获得这些字段的方法在CsInsn里已经封装好了，id，address，size，bytes，mnemonic，op_str这些基本直接从_raw里面获取或者简单类型转换一下

1 2	`def` `address(self):` `return` `self._raw.address`

detail这个c结构体包含一些额外的功能：

regs_read，字面理解是，返回存储所有读取的隐式寄存器的list，实测只有pc，lr，sp和状态寄存器会被存储在list中

regs_write，字面理解是，返回存储所有写入的隐式寄存器的list，实测只有pc，lr，sp和状态寄存器会被存储在list中

regs_access，合并上面2个的结果

举几个例子（节选自某个so的指令）

itttt eq的 regs_write 是[9]，代表[itstate]

popeq.w {r8, sb, sl, fp}的 regs_read 与 regs_write 是[12][12]，代表[sp] [sp]

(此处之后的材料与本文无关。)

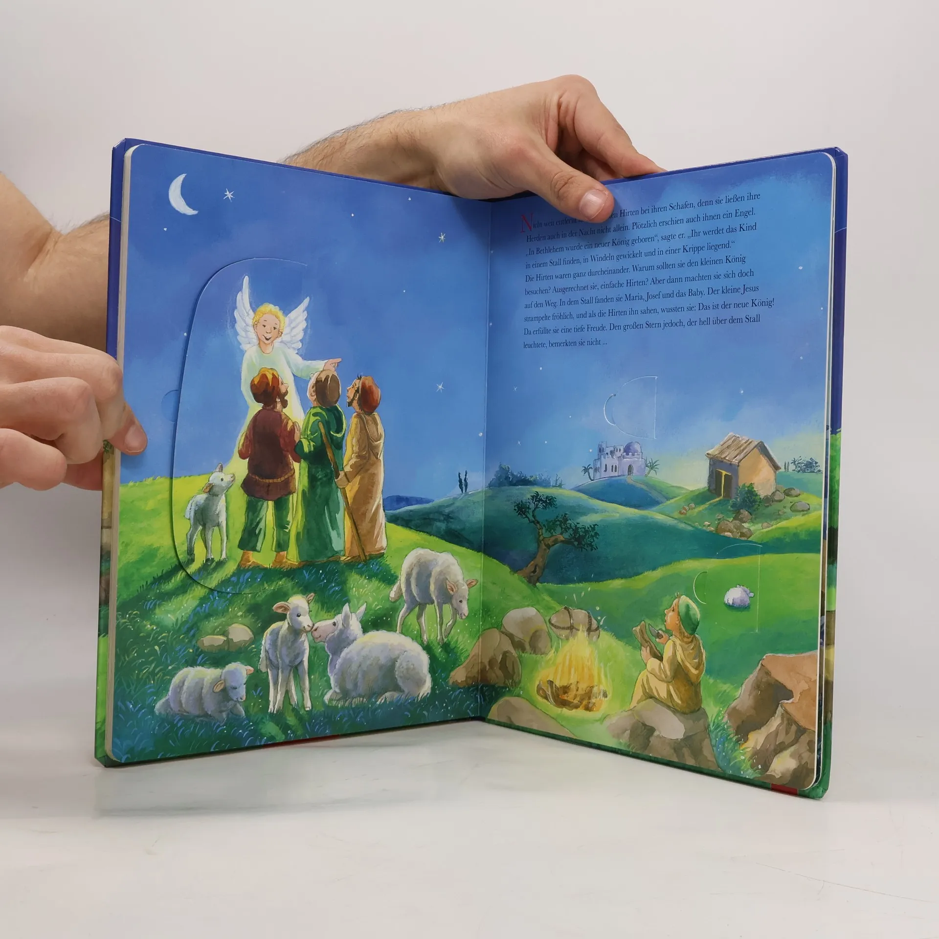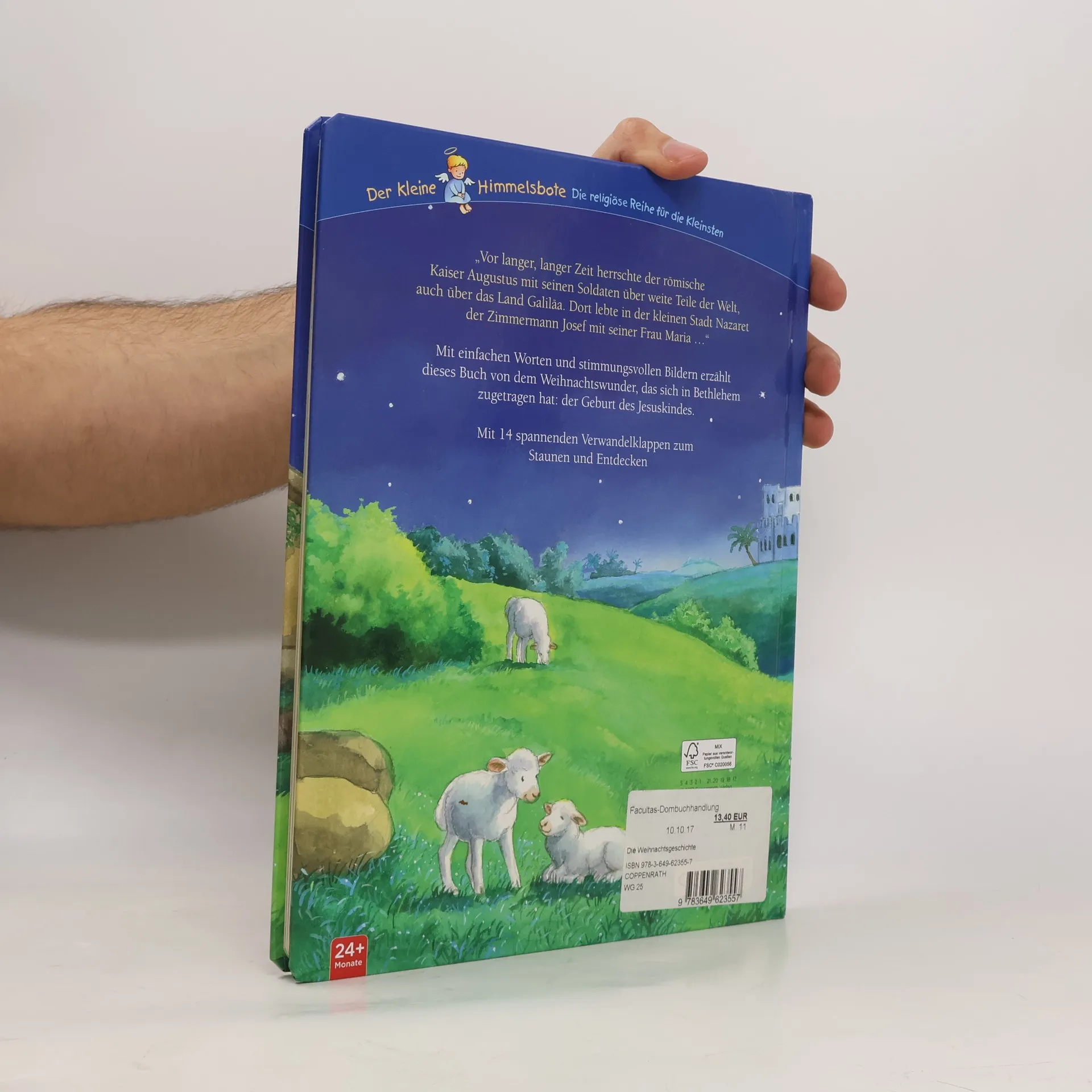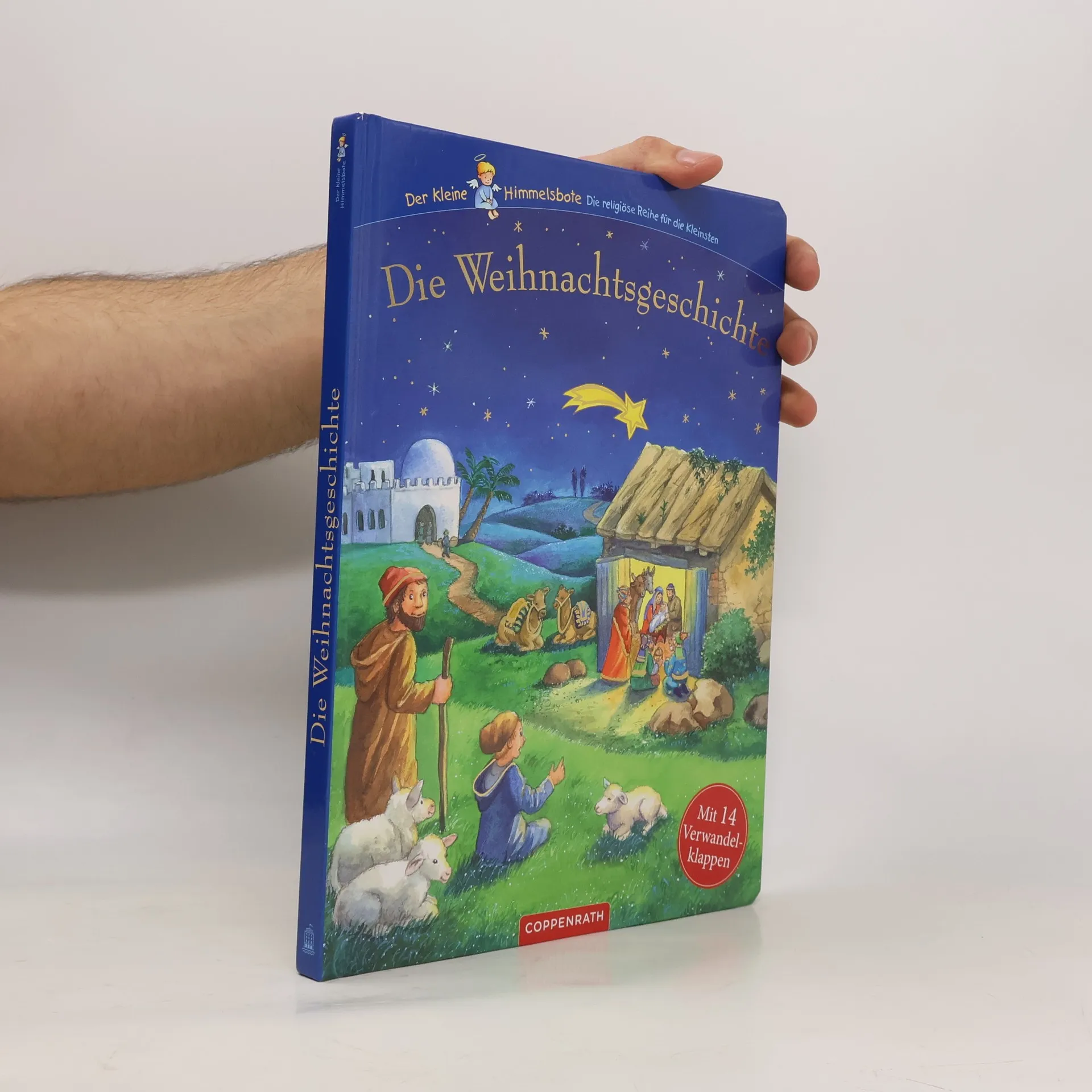 „Vor langer, langer Zeit herrschte der römische Kaiser Augustus mit seinen Soldaten über weite Teile der Welt, auch über das Land Galiläa. Dort lebte in der kleinen Stadt Nazaret der Zimmermann Josef mit seiner Frau Maria …“ Mit einfachen Worten und stimmungsvollen Bildern erzählt dieses Buch von dem Weihnachtswunder, das sich in Bethlehem zugetragen hat: der Geburt des Jesuskindes. Mit 14 spannenden Verwandelklappen zum Staunen und Entdecken

cmp r1, r0 的 regs_write 是[3]，代表[cpsr]

groups，返回存储instruction属于的groups的list，常用的有jump跳转功能组，call函数调用功能组，ret返回功能组，int中断功能组

举几个例子

blx #0x2274 的groups是[7, 150, 138, 149, 2, 1]，分别代表[branch_relative，thumb，v5t，notmclass，call，jump]

subs r0, r1, r0 的groups是[150, 151]，分别代表[ thumb ， thumb1only ]

beq.w #0x41ce 的groups是[7, 152, 1]，分别代表[branch_relative， thumb2 ，jump ]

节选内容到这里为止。